The tone of the news statement was strikingly different from the archdiocese’s more-neutral responses to dozens of past allegations of molestation against its priests — especially in the aftermath of the sex-abuse scandal that shook the Catholic Church. Nationwide, dioceses adopted “zero-tolerance” reforms, suspended accused priests, reported complaints to local authorities, conducted internal investigations and offered counseling to victims. They also vowed to be transparent with their flocks.
Agosta said her statement — released just before Simmons and his lawyer held their news conference Tuesday in front of TV cameras and reporters at St. Agatha — did not signal a change of policy under Archbishop Thomas Wenski, who replaced John Favalora in 2010.
“The archdiocese has been consistent with the way it has handled allegations of sexual abuse,” Agosta told The Herald, citing a doctrine called “Protecting God’s Children.”

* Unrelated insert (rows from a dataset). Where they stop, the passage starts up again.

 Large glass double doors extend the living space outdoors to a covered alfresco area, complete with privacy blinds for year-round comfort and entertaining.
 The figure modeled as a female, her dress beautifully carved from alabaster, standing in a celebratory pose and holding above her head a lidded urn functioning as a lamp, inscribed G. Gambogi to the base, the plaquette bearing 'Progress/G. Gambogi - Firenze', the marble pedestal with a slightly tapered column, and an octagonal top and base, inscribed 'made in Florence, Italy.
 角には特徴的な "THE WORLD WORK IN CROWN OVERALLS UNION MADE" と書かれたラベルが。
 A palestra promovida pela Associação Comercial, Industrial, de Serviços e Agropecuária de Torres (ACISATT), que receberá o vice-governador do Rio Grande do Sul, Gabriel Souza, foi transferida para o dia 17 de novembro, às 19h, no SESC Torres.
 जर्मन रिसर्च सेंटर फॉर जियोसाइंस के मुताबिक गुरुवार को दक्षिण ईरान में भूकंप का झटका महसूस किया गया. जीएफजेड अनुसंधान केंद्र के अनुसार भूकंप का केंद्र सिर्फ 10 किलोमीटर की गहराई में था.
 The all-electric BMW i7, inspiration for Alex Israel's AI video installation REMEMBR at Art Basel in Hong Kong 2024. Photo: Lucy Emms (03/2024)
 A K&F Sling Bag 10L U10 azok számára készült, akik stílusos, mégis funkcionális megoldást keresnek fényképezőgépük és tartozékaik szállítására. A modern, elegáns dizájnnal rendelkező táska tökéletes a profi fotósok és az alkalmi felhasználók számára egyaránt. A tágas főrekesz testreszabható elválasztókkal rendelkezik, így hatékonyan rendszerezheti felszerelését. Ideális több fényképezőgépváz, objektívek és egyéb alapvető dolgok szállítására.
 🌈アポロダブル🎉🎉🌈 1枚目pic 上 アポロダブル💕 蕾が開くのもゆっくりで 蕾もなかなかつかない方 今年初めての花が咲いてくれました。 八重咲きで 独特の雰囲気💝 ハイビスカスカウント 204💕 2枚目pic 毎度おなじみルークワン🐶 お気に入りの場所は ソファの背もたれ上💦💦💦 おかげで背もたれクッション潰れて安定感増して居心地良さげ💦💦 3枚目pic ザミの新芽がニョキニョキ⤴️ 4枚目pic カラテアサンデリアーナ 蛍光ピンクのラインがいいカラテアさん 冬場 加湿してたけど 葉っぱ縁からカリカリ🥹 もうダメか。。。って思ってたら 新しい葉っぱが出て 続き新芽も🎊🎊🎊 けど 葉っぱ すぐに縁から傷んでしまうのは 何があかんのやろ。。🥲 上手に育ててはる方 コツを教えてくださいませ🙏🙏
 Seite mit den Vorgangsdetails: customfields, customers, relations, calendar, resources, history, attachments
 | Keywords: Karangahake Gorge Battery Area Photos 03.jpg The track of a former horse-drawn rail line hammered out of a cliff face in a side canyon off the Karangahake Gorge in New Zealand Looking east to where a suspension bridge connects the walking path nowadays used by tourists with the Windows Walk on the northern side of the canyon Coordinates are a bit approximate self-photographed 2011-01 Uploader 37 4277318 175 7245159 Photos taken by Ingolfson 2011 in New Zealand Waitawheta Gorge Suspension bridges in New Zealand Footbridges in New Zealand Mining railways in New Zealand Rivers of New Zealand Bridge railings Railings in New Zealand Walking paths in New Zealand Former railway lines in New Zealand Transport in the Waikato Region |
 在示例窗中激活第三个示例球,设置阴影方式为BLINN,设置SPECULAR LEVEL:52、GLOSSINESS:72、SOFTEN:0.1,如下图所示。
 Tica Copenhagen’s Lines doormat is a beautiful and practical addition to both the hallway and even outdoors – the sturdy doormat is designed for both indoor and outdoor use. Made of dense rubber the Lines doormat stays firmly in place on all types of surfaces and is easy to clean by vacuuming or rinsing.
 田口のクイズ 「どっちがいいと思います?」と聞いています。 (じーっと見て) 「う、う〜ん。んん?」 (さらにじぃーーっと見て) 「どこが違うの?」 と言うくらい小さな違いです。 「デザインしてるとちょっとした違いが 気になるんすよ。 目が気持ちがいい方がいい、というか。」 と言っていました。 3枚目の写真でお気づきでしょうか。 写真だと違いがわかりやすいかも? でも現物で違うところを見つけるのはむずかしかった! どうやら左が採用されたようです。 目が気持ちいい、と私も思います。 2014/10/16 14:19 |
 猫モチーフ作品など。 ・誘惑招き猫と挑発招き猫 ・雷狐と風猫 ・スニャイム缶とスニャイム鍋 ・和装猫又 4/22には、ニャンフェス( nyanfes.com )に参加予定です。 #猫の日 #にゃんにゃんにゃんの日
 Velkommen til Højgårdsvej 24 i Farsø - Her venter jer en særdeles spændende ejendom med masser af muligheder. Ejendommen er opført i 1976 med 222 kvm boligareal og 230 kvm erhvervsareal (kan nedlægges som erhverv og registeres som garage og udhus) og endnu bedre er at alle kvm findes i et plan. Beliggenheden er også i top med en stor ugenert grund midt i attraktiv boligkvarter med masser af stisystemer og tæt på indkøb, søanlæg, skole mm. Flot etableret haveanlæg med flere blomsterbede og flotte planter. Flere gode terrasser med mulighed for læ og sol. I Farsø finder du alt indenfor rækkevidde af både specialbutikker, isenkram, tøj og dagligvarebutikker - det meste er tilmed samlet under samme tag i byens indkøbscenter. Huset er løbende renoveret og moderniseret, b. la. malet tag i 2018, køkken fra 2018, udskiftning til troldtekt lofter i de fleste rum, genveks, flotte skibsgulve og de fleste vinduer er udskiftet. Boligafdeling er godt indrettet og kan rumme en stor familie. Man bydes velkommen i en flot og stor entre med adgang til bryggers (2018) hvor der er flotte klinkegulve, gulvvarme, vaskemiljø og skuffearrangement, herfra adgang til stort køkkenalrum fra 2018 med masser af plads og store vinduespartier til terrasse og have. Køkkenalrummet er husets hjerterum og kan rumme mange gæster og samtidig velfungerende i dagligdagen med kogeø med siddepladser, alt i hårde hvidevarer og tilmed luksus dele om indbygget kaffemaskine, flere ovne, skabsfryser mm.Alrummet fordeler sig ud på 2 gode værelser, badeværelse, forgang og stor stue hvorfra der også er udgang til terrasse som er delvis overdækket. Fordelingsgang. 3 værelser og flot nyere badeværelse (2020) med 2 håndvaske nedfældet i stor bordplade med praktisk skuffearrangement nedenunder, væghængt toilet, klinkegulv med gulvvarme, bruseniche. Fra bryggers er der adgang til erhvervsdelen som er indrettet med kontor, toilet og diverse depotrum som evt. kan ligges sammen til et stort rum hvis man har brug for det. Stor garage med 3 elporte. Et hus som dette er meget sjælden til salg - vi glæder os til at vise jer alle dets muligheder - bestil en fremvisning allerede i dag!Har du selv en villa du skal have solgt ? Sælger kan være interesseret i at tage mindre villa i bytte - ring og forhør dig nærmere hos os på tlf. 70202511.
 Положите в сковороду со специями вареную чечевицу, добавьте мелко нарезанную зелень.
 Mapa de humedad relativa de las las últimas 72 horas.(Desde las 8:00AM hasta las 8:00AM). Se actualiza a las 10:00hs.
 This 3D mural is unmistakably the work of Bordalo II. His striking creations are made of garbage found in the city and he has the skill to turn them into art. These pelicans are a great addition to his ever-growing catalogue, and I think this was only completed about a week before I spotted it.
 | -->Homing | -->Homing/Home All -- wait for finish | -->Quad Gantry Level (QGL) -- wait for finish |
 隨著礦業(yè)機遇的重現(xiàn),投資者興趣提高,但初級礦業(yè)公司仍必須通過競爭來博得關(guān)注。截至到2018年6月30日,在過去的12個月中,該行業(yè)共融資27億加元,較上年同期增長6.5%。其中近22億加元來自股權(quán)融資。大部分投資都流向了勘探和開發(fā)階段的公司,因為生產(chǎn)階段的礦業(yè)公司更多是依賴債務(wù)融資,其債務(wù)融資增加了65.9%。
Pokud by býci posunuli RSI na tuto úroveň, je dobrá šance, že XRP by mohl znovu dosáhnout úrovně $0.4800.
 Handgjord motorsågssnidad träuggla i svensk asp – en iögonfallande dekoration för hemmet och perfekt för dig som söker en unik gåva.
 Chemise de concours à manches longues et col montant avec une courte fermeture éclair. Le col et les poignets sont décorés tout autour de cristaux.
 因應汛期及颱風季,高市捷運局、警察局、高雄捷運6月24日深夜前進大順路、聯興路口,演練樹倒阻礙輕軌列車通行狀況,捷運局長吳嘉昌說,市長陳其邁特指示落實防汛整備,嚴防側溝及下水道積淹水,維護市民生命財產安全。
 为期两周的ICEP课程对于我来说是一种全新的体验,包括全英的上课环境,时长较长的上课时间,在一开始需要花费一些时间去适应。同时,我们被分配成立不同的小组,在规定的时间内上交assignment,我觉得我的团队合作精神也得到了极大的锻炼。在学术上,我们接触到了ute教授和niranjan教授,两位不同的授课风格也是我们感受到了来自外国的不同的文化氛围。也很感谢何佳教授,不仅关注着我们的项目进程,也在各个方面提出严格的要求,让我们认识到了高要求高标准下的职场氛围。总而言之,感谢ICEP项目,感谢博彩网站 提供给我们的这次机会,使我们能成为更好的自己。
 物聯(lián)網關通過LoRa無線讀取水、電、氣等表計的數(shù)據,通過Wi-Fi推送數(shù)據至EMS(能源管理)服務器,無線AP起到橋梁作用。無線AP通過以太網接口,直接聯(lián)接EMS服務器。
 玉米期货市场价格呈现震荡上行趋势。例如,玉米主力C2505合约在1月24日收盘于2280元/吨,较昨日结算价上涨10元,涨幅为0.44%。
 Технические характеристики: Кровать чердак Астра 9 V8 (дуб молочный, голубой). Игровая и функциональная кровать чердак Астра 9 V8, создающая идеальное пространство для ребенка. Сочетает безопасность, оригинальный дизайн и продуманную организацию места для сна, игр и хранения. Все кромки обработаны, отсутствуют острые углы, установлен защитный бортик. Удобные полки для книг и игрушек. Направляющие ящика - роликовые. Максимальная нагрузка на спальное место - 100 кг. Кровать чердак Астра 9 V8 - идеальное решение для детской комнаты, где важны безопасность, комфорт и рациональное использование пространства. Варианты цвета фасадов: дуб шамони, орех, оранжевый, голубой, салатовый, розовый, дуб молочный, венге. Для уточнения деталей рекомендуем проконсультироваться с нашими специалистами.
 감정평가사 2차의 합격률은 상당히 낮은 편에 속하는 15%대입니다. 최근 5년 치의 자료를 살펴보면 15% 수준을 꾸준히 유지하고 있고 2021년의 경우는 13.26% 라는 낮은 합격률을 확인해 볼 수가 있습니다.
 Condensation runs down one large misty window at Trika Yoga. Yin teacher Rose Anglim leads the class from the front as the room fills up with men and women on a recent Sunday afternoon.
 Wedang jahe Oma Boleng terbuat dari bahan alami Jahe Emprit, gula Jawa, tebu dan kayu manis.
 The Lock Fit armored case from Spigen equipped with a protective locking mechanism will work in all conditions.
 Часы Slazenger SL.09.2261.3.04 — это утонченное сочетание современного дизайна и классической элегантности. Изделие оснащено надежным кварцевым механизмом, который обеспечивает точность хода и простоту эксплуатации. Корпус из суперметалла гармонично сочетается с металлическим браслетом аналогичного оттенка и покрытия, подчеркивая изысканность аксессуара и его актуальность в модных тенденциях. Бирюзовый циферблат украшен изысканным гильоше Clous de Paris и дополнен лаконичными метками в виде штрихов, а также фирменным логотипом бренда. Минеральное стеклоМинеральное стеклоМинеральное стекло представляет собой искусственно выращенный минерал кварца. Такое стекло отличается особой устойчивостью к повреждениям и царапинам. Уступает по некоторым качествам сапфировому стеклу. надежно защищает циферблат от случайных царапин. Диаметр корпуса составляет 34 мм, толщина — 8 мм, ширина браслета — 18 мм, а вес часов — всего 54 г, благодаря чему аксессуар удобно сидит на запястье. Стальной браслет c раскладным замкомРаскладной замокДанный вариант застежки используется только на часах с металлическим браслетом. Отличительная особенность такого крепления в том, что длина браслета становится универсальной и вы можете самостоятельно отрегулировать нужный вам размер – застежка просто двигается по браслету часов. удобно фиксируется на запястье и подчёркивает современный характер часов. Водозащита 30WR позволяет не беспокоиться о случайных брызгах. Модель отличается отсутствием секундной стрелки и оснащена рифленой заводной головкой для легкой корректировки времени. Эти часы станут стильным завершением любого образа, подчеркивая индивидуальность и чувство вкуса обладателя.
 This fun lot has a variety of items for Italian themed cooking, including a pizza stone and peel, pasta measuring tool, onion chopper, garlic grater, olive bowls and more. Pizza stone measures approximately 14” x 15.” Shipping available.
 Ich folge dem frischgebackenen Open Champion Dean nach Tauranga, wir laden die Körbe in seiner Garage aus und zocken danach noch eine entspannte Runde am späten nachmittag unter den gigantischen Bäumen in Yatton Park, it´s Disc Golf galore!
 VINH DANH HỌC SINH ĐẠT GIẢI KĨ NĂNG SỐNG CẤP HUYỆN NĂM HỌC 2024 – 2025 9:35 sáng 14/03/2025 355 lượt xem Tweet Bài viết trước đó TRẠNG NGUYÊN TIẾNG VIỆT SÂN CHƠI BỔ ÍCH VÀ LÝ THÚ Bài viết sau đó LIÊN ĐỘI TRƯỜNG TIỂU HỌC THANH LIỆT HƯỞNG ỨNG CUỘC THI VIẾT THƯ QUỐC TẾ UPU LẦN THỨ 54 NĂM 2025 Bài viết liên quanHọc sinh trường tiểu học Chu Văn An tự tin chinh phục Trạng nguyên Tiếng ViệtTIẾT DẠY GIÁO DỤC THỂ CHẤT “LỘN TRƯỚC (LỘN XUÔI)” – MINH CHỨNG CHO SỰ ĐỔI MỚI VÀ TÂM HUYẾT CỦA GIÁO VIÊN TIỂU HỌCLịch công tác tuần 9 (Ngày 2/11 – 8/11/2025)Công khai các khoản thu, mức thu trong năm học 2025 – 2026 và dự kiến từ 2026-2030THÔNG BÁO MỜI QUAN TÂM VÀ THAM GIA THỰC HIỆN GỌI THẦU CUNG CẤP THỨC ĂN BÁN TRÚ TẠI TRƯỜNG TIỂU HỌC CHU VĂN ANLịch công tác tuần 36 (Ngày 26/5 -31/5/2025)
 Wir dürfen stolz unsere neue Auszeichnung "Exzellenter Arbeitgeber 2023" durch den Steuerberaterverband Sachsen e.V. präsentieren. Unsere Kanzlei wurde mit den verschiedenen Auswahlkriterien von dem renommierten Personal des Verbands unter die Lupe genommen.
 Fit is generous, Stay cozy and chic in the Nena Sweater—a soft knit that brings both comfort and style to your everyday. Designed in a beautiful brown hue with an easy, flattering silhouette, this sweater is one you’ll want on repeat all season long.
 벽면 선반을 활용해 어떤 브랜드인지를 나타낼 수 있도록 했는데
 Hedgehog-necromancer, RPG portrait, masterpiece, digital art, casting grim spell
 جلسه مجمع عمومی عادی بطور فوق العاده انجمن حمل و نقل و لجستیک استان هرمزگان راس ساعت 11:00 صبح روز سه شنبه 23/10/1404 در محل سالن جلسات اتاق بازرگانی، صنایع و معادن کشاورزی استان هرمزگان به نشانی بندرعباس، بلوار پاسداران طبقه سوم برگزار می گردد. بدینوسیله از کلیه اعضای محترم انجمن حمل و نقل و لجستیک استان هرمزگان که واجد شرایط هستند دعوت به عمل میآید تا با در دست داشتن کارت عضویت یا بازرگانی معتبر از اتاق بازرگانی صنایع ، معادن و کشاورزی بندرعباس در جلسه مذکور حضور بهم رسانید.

She said the archdiocese’s statement was meant to prod reporters into asking tougher questions of Simmons’ lawyer, Herman, who has brought more than 100 lawsuits against the archdiocese and settled the vast majority of them for a total of tens of millions of dollars. He filed all four negligence suits involving Garcia.
“When the news media cover these Jeff Herman press conferences, they do not come away with the full truth,” Agosta said in an interview last week. “They are either not asking follow-up questions or Jeff Herman is not revealing any details. . . .
“This has nothing to do with a particular victim or Father Garcia,” she added. “It has to do with Jeff Herman and how he’s manipulating the media.”
Agosta said, for example, that she found it suspicious that while Simmons kept in touch with the priest over the years, he gave Garcia his War on Terror Service medal in 2003 after he finished his Army training camp. She also said that in recent months Simmons asked Garcia about how he and his wife could get married in the Catholic Church.
But Agosta also said that Garcia baptized Simmons’ baby daughter at St. Agatha, which Simmons denied, saying she was never baptized nor had she ever been to Florida. Questioned about that claim, Agosta revised her initial assertion, saying Simmons recently asked Garcia to baptize his second child, who is due soon. But Simmons denied that, too.
A spokesman for a victims’ advocacy group, Survivors Network of Those Abused by Priests, said the archdiocese’s public-relations campaign was clearly aimed at the alleged victim, describing it as “mean-spirited and irrelevant.”
“Wenski’s public-relations staffers declared the latest Garcia victim ‘not credible’ before she even saw his lawsuit,” said David Clohessy, SNAP’s national director. “She attacked the victim’s past. . . . Wenski postures as a reformer but is essentially Favalora on steroids.”
But Agosta wasn’t the only one who expressed doubts about the latest complaint against Garcia.
Simmons’ cousin, August Sorvillo, who once lived in Broward, said he was skeptical about the abuse claims. Sorvillo, 30, whose father, uncle and another cousin are priests in the Anglican and Episcopal churches, said Simmons’ story about being a homeless runaway didn’t ring true.